В Рождественскую Хаву, в экономию, Павлуша возвратился в двенадцатом часу дня. Адъютант ввел его в мамонтовский кабинет. Павлуша подал листок с радиограммой. Смотрел сурово. Повзрослел, похудел за эти часы. От ветра запеклись губы. Под глазами легла синева. Впрочем, за последние сутки одной скачки выпало ему на долю более ста двадцати верст.
— Как? — Мамонтов возмущенно вырвал листок из руки Павлуши. — Еще одно радио? Опять? Кто вас просил? Идите!
«Что там?»- думал он, вглядываясь в столбцы цифр.
Он не сомневался: в его руке — распоряжение сдать корпус. За столь прямое неподчинение меньшего не полагалось. Но кому принимать командование? Калиновскому? Бумажная душа. Казаки не про него. Попову? Щепка в проруби. Завалил наступление на Раненбург. Уж если сам он ничего не может поделать с полками, то Попова они вообще не поставят и в грош. Кучеров? Заурядная бездарь.
Всего лучше порвать этот листок, не читая. Могло быть, что он его не получил? А как только им займутся шифровальщики, тайну не сохранить. Все было глупостью. Следовало фазу поставить этого хорунжего к стенке, и — никаких ответов ни на какие радио, будь их хоть тысяча.
— Идите, — повторил он, потому что хорунжий в первый раз как будто не расслышал его приказа и продолжал стоять посреди кабинета. — И знайте: ваша ненужная смелость дорого обойдется корпусу. Вы его погубили. С этим клеймом так и живите до конца своих дней. Мне жаль вашу молодость, я вас помилую. Но за гораздо меньшее расстреливают.
Павлуша вышел.
Мамонтов приказал адъютанту, чтобы шифровальщик вместе со всеми своими таблицами явился в его кабинет, и, когда тот отправился выполнять распоряжение, вспомнил, что не задал хорунжему один вопрос.
Он выглянул в коридор. Хорунжего там не было, но у входа стоял и курил Родионов.
— Игнатий Михайлович, — попросил он. — Не в службу, а в дружбу. Догоните хорунжего, который отсюда только что вышел. Назад не приводите, спросите лишь, выполнил ли он мое распоряжение. Он должен был при отходе уничтожить в Воронеже радио.
Родионов взглянул на часы:
— Какая разница? Все равно изменить ничего нельзя. И последние наши части ушли из города.

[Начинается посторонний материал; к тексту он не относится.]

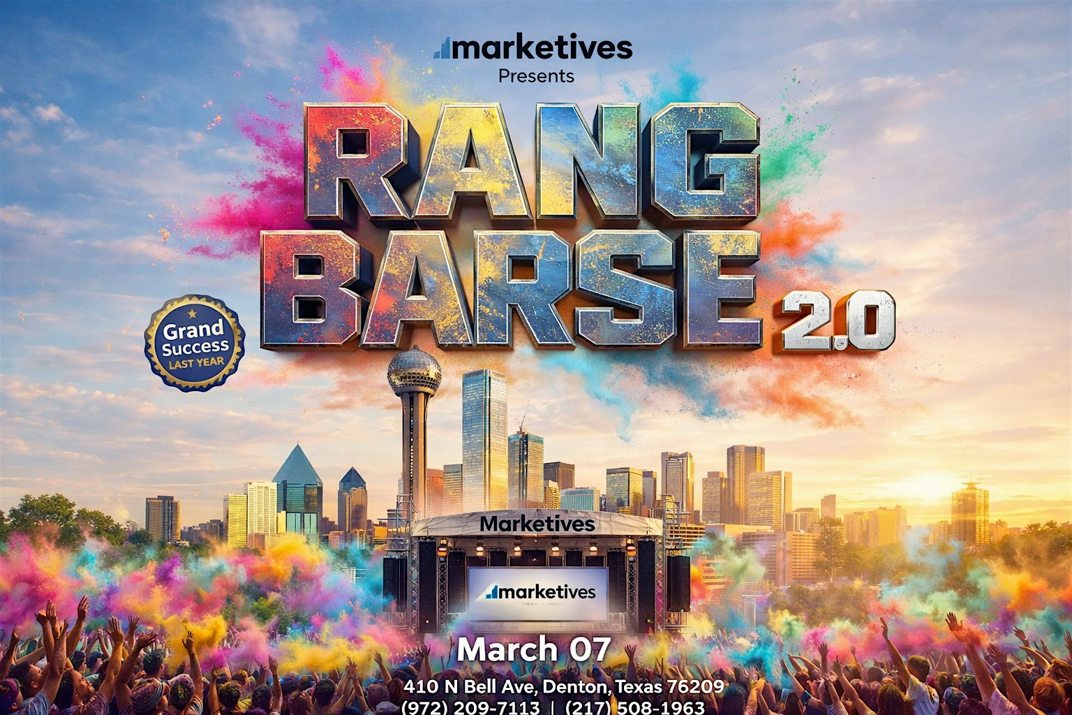 by admin23Feb RANG BARSE 2.0-BOLLY TOLLY MUSIC-MARCH 07-HOLI PARTY 2026-DENTON at 410 N Bell Ave – Denton, TX RANG BARSE 2.0-BOLLY TOLLY MUSIC-MARCH 07-HOLI PARTY 2026-DENTON at 410 N Bell Ave – Denton, TX 3 3 people viewed this event. Get ready to dance the night away with the best of Bollywood and Tollywood music at the ultimate Holi party in Denton! Tickets-RSVP Link Date And Time Saturday, March 7th, 2026 11:00 AM (PST) Venue 410 N Bell Ave Location 410 North Bell Avenue, Denton, TX 76209 Event Types MusicParty or Social Gathering Event Category Texas Share With Friends Facebook Twitter Linkedin Xing Pinterest Share This Post:

— Повторяю: уничтожил ли? И что с техником, который работал по его указаниям? Я хочу это знать.
Родионов вышел, но вернулся лишь минут через десять. Мамонтов встретил его нетерпеливым взглядом.
— У крыльца шарахнул в себя из нагана, — Родионов брезгливо морщился. — Пока добился, чтобы убрали, глотку сорвал.
— Да-а, — протянул Мамонтов. — Досадно. И подумал: «Зря я не порвал это радио».
Радиограмма была, впрочем, совсем безобидная:
«В ближайшие дни будет выслан аэроплан за полковником Калиновским для его немедленного отбытия в ставку точка Деникин».
Мамонтов рассмеялся. Так просто! Боже мой! И столько переживаний!
Он обрел какое-то буйно-веселое настроение. Будто с него снята ответственность не только за то, что уже было, но и за все, что ему еще предстоит.
В таком настроении Мамонтов пришел в комнату, где Калиновский укладывал в чемодан свои штабные бумаги, предварительно очень внимательно вглядываясь в каждую из них.
Прочитав радиограмму из ставки, он прищелкнул сухими пальцами и как-то загадочно взглянул на командира корпуса.
Но что теперь были для Мамонтова какие-либо загадочные взгляды! Буйно-веселое, беззаботное настроение по-прежнему владело им.
— Константин Константинович, — сказал Калиновский, — последнее время я часто думаю вот о чем. Почему еще в Тамбове вам было не объявить себя сразу и главой гражданской администрации? Тогда бы все сосредоточилось в ваших руках и, пожалуй, многое сложилось бы иначе.
Мамонтов утвердительно качнул головой:
— Фактически так и было.
— Да, но для российского обывателя формальная сторона всегда чрезвычайно важна. Он буквалист.
— Мне бы такого шага не простили. — Кто?
— В первую очередь штаб Донской армии. Зависть. Но главное-Антон Иванович. Это ведь, в общем-то, самое оберегаемое им право — назначать губернаторов. Назначает — и чувствует себя реальной властью. А тут без спроса какой-то казак с Дона вламывается в губернский город и сразу все бразды правления себе в руки… Я думал об этом.
— И не решились.
— Другое. Посчитал, что есть иной путь. — Козлов?
— Конечно. Но там все испортила неумелость. Не моя! Тех, на кого потом город остался.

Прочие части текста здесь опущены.